Neues vom DDA 11.01.2019

Landwirtschaftliche Intensivierung und eine Verschlechterung der Nahrungsverfügbarkeit, aber auch anthropogene Mortalität durch Vergiftungen und Kollisionen sind zentrale Bedrohungen für den Rotmilan in seinem stark begrenzten Verbreitungsgebiet. Bei langlebigen Vogelarten haben die Überlebensraten verschiedener Altersklassen einen wesentlichen Einfluss auf die Bestandsentwicklung. Eine erhöhte Mortalität hat daher langfristig auch für den Rotmilan besonders negative Auswirkungen auf die Bestandsgröße, insbesondere wenn mehr Altvögel zu Tode kommen.

Eine äußerst wertvolle Datenquelle um belastbare Überlebensraten zu bestimmen, ist die Beringung von Vögeln und die daraus resultierenden Wiederfunde von toten Individuen. Eine jetzt im Journal of Ornithology erschienene Studie, an der auch Wissenschaftler des DDA beteiligt waren, analysiert die Ring-Wiederfunde von toten Rotmilanen die zwischen 1970-2015 in Deutschland markiert wurden. Die Auswertung erlaubt so eine Schätzung der Überlebensraten von erstjährigen, subadulten und adulten Vögeln über fast 50 Jahre anhand von >29.000 beringten Individuen und etwa 1.500 Wiederfunden die durch das große Engagement der Beringer und die Bereitstellung der Daten durch die Beringungszentralen Hiddensee, Helgoland und Radolfzell ermöglicht wurden.

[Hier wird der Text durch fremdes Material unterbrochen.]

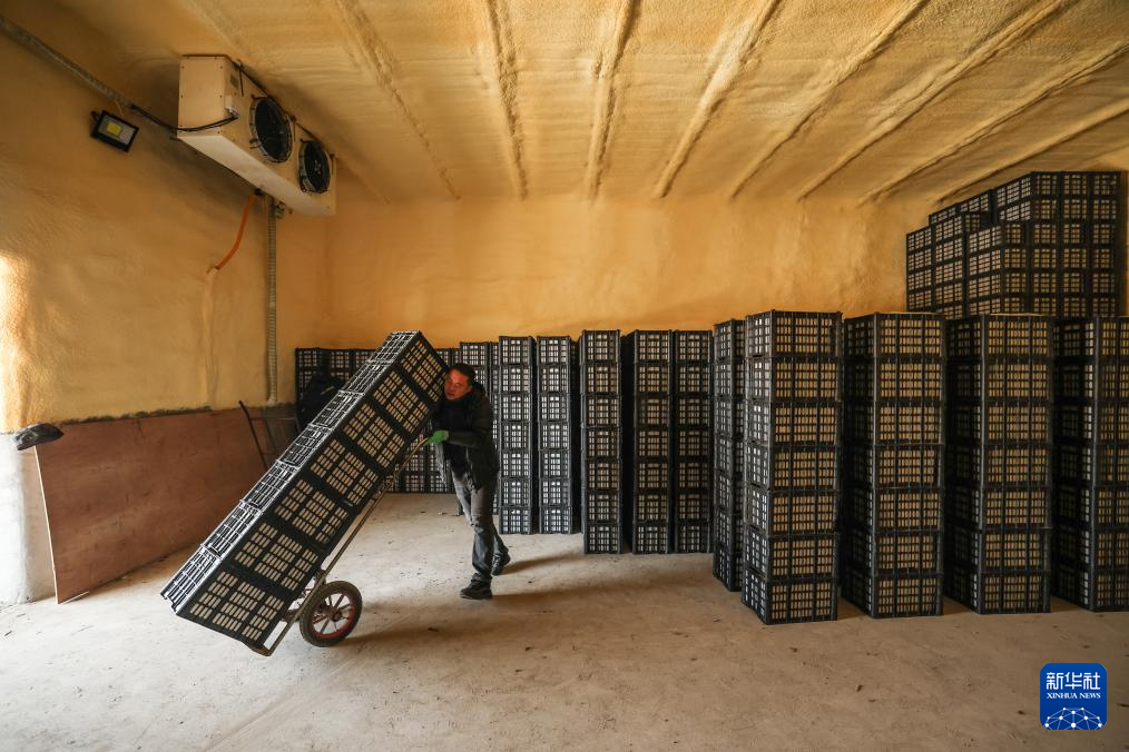 1月20日,村民在祝家沟村新建的恒温库内搬运水果。
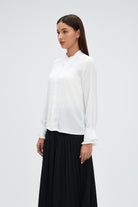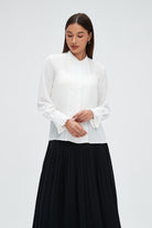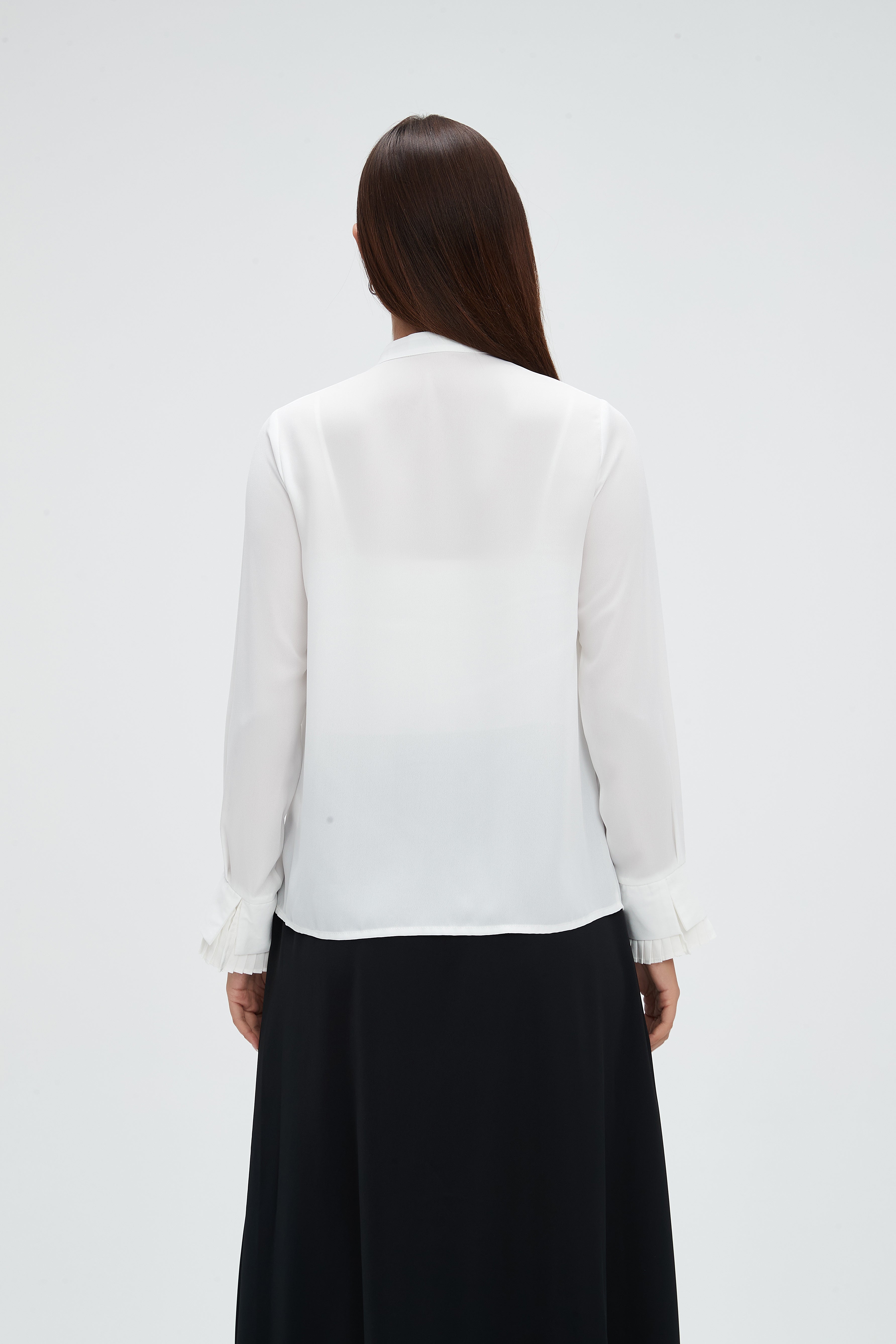 بلوزة كم طويل بطبقة دانتيل في المنتصف ياقة دائرية

Die Ergebnisse zeigen einen erheblichen langfristigen Rückgang des Überlebens erstjähriger Rotmilane – um mehr als 40 % im Vergleich der 1970er Jahren bis heute. Darüber hinaus zeigt auch die Überlebenswahrscheinlichkeit der Altvögel in den Jahren 1974-2014 einen abnehmenden Trend (-0,26 % pro Jahr). Der Schlüssel zu diesen neuen Erkenntnissen ist, dass erstmals auch die Wiederfundswahrscheinlichkeit von toten Rotmilanen in verschiedenen Altersklassen bei der Auswertung berücksichtigt wurde. So kann auch die Vielzahl an beringten Vögeln, die nie mehr gefunden werden, zu einer verbesserten Schätzung der Überlebensraten beitragen. Hierbei zeigte sich, dass die Wiederfundsrate der erstjährigen Vögel nur ca. die Hälfte der Wiederfundsrate der Individuen die mindestens das zweite Lebensjahr erreichen beträgt. Dies könnte sowohl auf bisher unbekannte Unterschiede in den Todesursachen der erstjährigen Vögel hindeuten, als auch darauf, dass diese deutlich häufiger in größerer Entfernung vom Brutgebiet zu Tode kommen.
Die räumliche und zeitliche Verteilung der Totfunde erstjähriger Rotmilane, die sich anhand der Wiederfunde darstellen lässt, deutet jedoch mehr auf eine erhöhte Sterblichkeit im Brutgebiet hin. Allerdings war in >60 % der Fälle die Todesursache der erstjährigen Vögel beim Ring-Wiederfund unbekannt und daher sind anhand der vorliegenden Daten keine belastbaren Aussagen zu den Gründen für die nachgewiesenermaßen stark erhöhte Mortalität ableitbar. Weitere Untersuchungen der Todesursachen in den verschiedenen Altersklassen sind daher dringend erforderlich um ein genaueres Bild zu erhalten, welche Faktoren die Überlebensraten, und damit auch wesentlich die Bestandsentwicklung, beeinflussen.